С закрытыми глазами он, если хотел, мог не раз и не два представить себе весь путь по недоступному для него пространству, от которого его отделял какой‑нибудь десяток шагов. Сначала через первую дверь, внешнюю, по вестибюлю с камином, затем подняться двумя пролетами выше… И тут, даже в мысленно совершаемом им пути, его шаги становились все неувереннее и неувереннее. Потому что с того самого мгновения, как огромная массивная наружная дверь, бесшумно отворяясь, пропускала его внутрь, он ничего не мог с собой поделать: при одной мысли о том, что ждет его впереди, что‑то холодело в нем, и так было каждый раз. Да, сколько раз он ни входил бы в этот вестибюль, сколько ни проходил бы мимо камина, уже давно лишенного возможности обогреть кого бы то ни было, ему все равно предстояло подниматься мимо витражей, похожих на сказку. И тут он всегда с острым и неизъяснимым чувством не то стыда, не то вины, а может быть, и ярости вспоминал свой дом. Свою лестницу, узкую и грязную, с неистребимым, едким, все забивающим запахом кошачьей, да и не только кошачьей, мочи; лестницу, на которую выходила их дверь. Дверь их квартиры, всю в язвах звонков и разноцветных жилах проводов, и саму квартиру, в которой они с матерью занимали четырнадцатиметровую узкую комнату сразу же за кухней, дверь в дверь с уборной, комнату, едва вмещавшую кровать, диван, стол и шифоньер. Комнату в огромной квартире, тянувшейся не только через весь дом, как это было на самом деле, но и — как это казалось им — через весь город; в квартире с коридорами, извилистыми и глубокими, как норы, с поворотами, боковыми ходами, ответвлениями, тупиками, двумя туалетами и огромной, как рыночная площадь, кухней. Это была квартира, в разных концах которой жили люди, едва узнававшие друг друга при встрече, где по стенам висели разобранные еще до войны велосипеды и корыта, покрытые темной окисью; квартира с ванной, которая служила кладовой, с графиком уборок, висевшим на зеленой стене кухни, с митингами во время разноски общественных денег на оплату трех лампочек, освещавших — если можно так сказать — коридоры, с личными счетчиками и переплетением проводов, тянущихся к персональным звонкам на двери.

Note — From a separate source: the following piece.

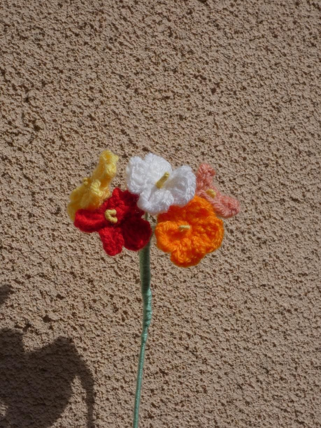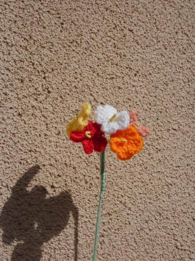 Pompon de 5 myosotis de couleur rouge, orange, jaune, blanc et abricot fait à la main en crochet , la tige est en fil de fer recouverte par de laine verte.

И, вспоминая об этой квартире, он вздрагивал каждый раз, и каждый раз, проскользнув в бесшумно раскрывшуюся и закрывшуюся за ним дверь, он останавливался, оробев, в вестибюле, и снова ему было семь лет, и что‑то, холодея, обмирало внутри, и он спрашивал чужим, не своим и неизвестно кому принадлежавшим голосом, тихим‑тихим настолько, что его и ему‑то самому едва было впору расслышать: «А ты… ты взаправду здесь живешь?» А его подружка Эля, в школе сидевшая на одной с ним парте, смотрела на него своими огромными глазами, взгляд которых не был тогда еще ни насмешливым, ни недоверчивым, и, потягивая за рукав, говорила: «Ну идем же, идем», — а он так бы и остался здесь, если бы только это было можно. А когда они поднимались по лестнице, широкой и чистой, мимо огромных окон, из которых лился волшебный свет сквозь стеклянные цветы, все это казалось ему таким прекрасным, что он остановился, пораженный, он стоял в некотором даже отупении, когда Эля подошла к единственному звонку на двери и позвонила.